--- START ---
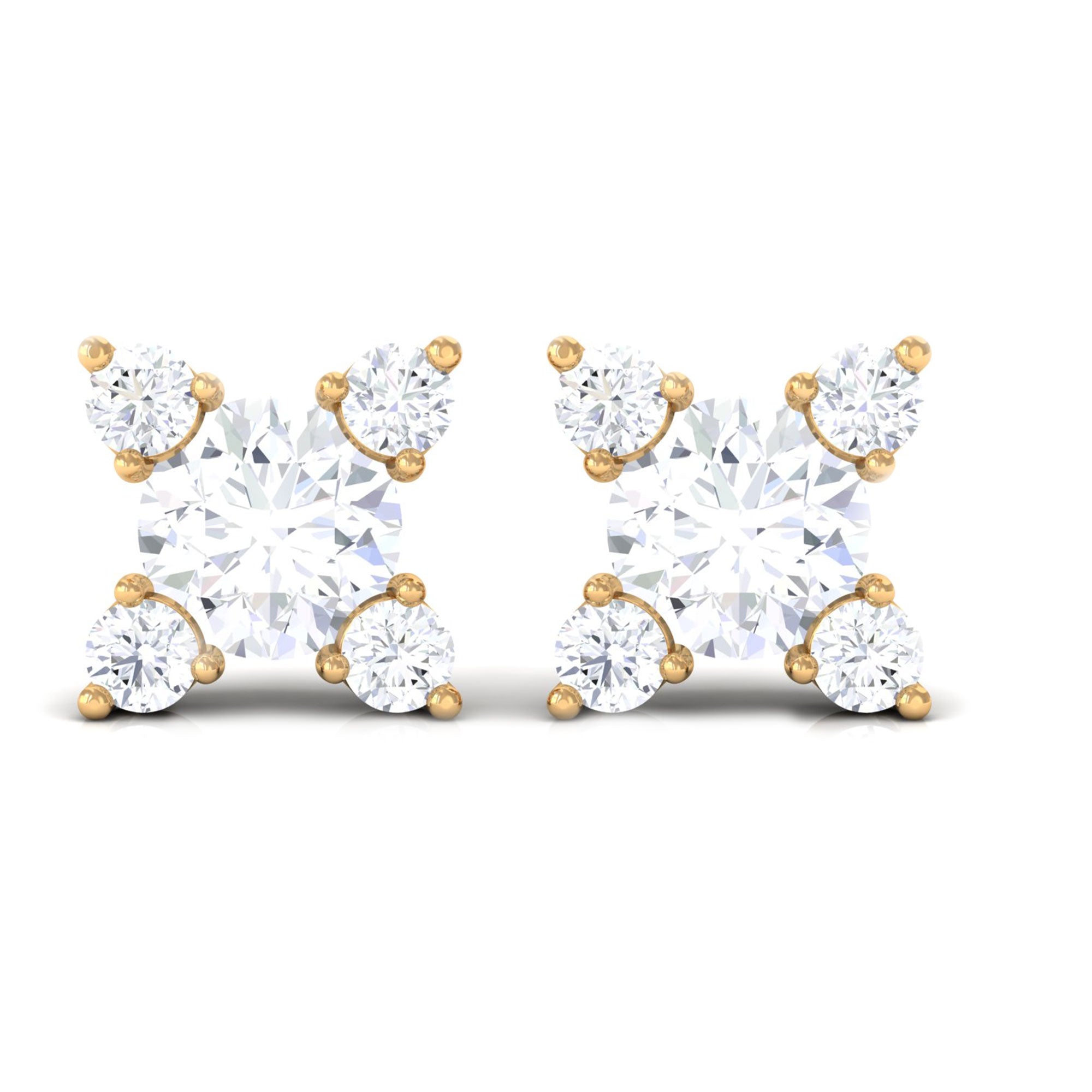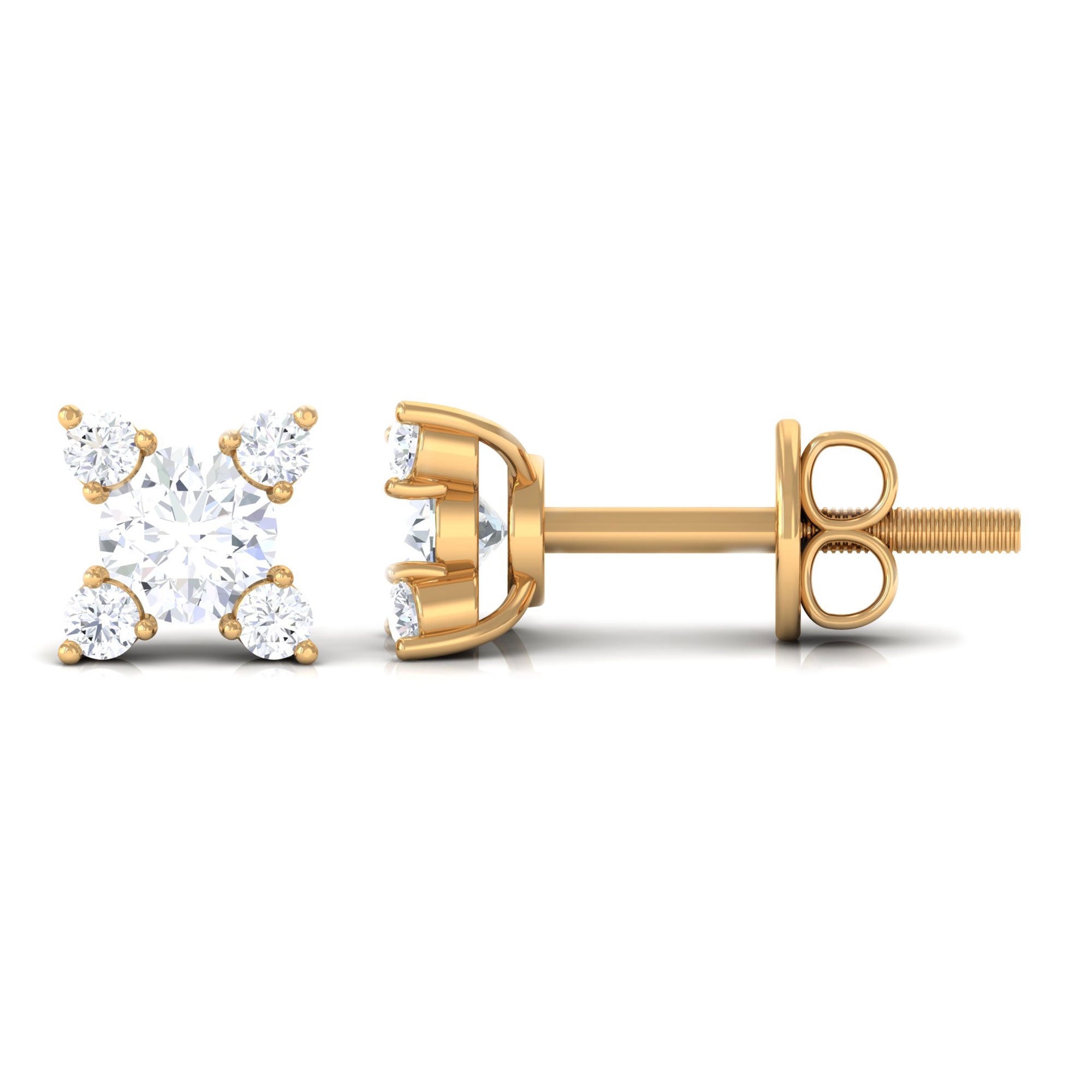 1/2 CT Real Diamond Gold Stud Earrings in Prong Setting
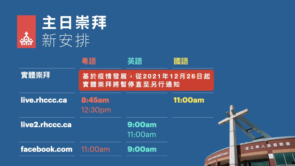 基於疫情發展,從2021年12月26日起直至另行通告,主日崇拜將只在網上舉行,詳情如下: 粵語網上崇拜|live.rhccc.ca 主日 8:45 AM-10:00 AM 主日 12:30 PM-1:45 PM 粵語網上崇拜|Facebook.com/rhccc 主日 11:00 AM – 12:15 PM 國語網上崇拜|live.rhccc.ca 主日 11:00 AM – 12:15 PM 英語網上崇拜|live2.rhccc.ca 主日 9:00 AM-10:15 AM 主日 11:00 AM-12:15 PM 英語網上崇拜|Facebook.com/rhccc 主日 9:00 AM-10:15 AM 如果您有任何問題,歡迎通過 mailbox@rhccc.ca 和 905-884-3399 聯絡我們。謝謝,願神保守大家。
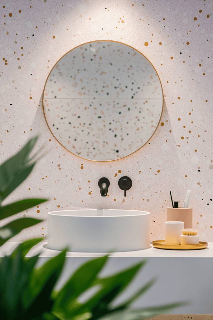 Speckled pink walls with gold accents create a chic yet playful backdrop. Opt for a round mirror with a gold frame and minimalist fixtures for a refined look. Keep the decor simple with a small tray of essentials and fresh greenery to ensure the wall remains the centerpiece of the design.
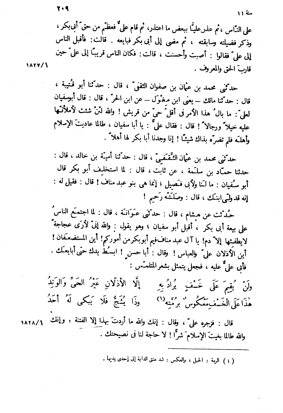 حَدَّثَنِي مُحَمَّدُ بْنُ عُثْمَانَ بْنِ صَفْوَانَ الثَّقَفِيُّ، قَالَ: حَدَّثَنَا أَبُو قُتَيْبَةَ، قَالَ: حَدَّثَنَا مالك- يعنى ابن مغول- عن ابن الحر، قَالَ: قَالَ أَبُو سُفْيَانَ لِعَلِيٍّ: مَا بَالُ هَذَا الأَمْرِ فِي أَقَلِّ حَيٍّ مِنْ قُرَيْشٍ! وَاللَّهِ لَئِنْ شِئْتَ لأَمْلأَنَّهَا عَلَيْهِ خَيْلا وَرِجَالا! قَالَ: [فَقَالَ عَلِيٌّ: يَا أَبَا سُفْيَانَ، طَالَمَا عَادَيْتَ الإِسْلامَ وَأَهْلَهُ فَلَمْ تَضُرَّهُ بِذَاكَ شَيْئًا! إِنَّا وَجَدْنَا أَبَا بَكْرٍ لَهَا أَهْلا] .
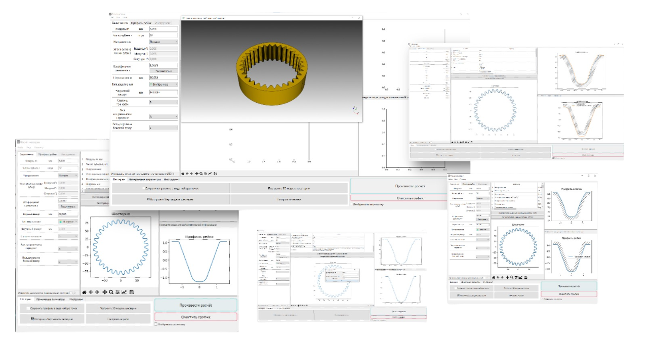 Помогает выбрать вариант зацепления при заданном межосевом расстоянии для различных профилей инструментов с учетом множества параметров и ограничений. Позволяет фильтровать полученные результаты и получать графическое изображение итогового зацепления, а также строить различные варианты графиков с произвольными параметрами.
--- END ---
TASK
Give back the entries above exactly as they stand. Leave the images out.

RESULT OF THE TASK
 1/2 CT Real Diamond Gold Stud Earrings in Prong Setting
 基於疫情發展,從2021年12月26日起直至另行通告,主日崇拜將只在網上舉行,詳情如下: 粵語網上崇拜|live.rhccc.ca 主日 8:45 AM-10:00 AM 主日 12:30 PM-1:45 PM 粵語網上崇拜|Facebook.com/rhccc 主日 11:00 AM – 12:15 PM 國語網上崇拜|live.rhccc.ca 主日 11:00 AM – 12:15 PM 英語網上崇拜|live2.rhccc.ca 主日 9:00 AM-10:15 AM 主日 11:00 AM-12:15 PM 英語網上崇拜|Facebook.com/rhccc 主日 9:00 AM-10:15 AM 如果您有任何問題,歡迎通過 mailbox@rhccc.ca 和 905-884-3399 聯絡我們。謝謝,願神保守大家。
 Speckled pink walls with gold accents create a chic yet playful backdrop. Opt for a round mirror with a gold frame and minimalist fixtures for a refined look. Keep the decor simple with a small tray of essentials and fresh greenery to ensure the wall remains the centerpiece of the design.
 حَدَّثَنِي مُحَمَّدُ بْنُ عُثْمَانَ بْنِ صَفْوَانَ الثَّقَفِيُّ، قَالَ: حَدَّثَنَا أَبُو قُتَيْبَةَ، قَالَ: حَدَّثَنَا مالك- يعنى ابن مغول- عن ابن الحر، قَالَ: قَالَ أَبُو سُفْيَانَ لِعَلِيٍّ: مَا بَالُ هَذَا الأَمْرِ فِي أَقَلِّ حَيٍّ مِنْ قُرَيْشٍ! وَاللَّهِ لَئِنْ شِئْتَ لأَمْلأَنَّهَا عَلَيْهِ خَيْلا وَرِجَالا! قَالَ: [فَقَالَ عَلِيٌّ: يَا أَبَا سُفْيَانَ، طَالَمَا عَادَيْتَ الإِسْلامَ وَأَهْلَهُ فَلَمْ تَضُرَّهُ بِذَاكَ شَيْئًا! إِنَّا وَجَدْنَا أَبَا بَكْرٍ لَهَا أَهْلا] .
 Помогает выбрать вариант зацепления при заданном межосевом расстоянии для различных профилей инструментов с учетом множества параметров и ограничений. Позволяет фильтровать полученные результаты и получать графическое изображение итогового зацепления, а также строить различные варианты графиков с произвольными параметрами.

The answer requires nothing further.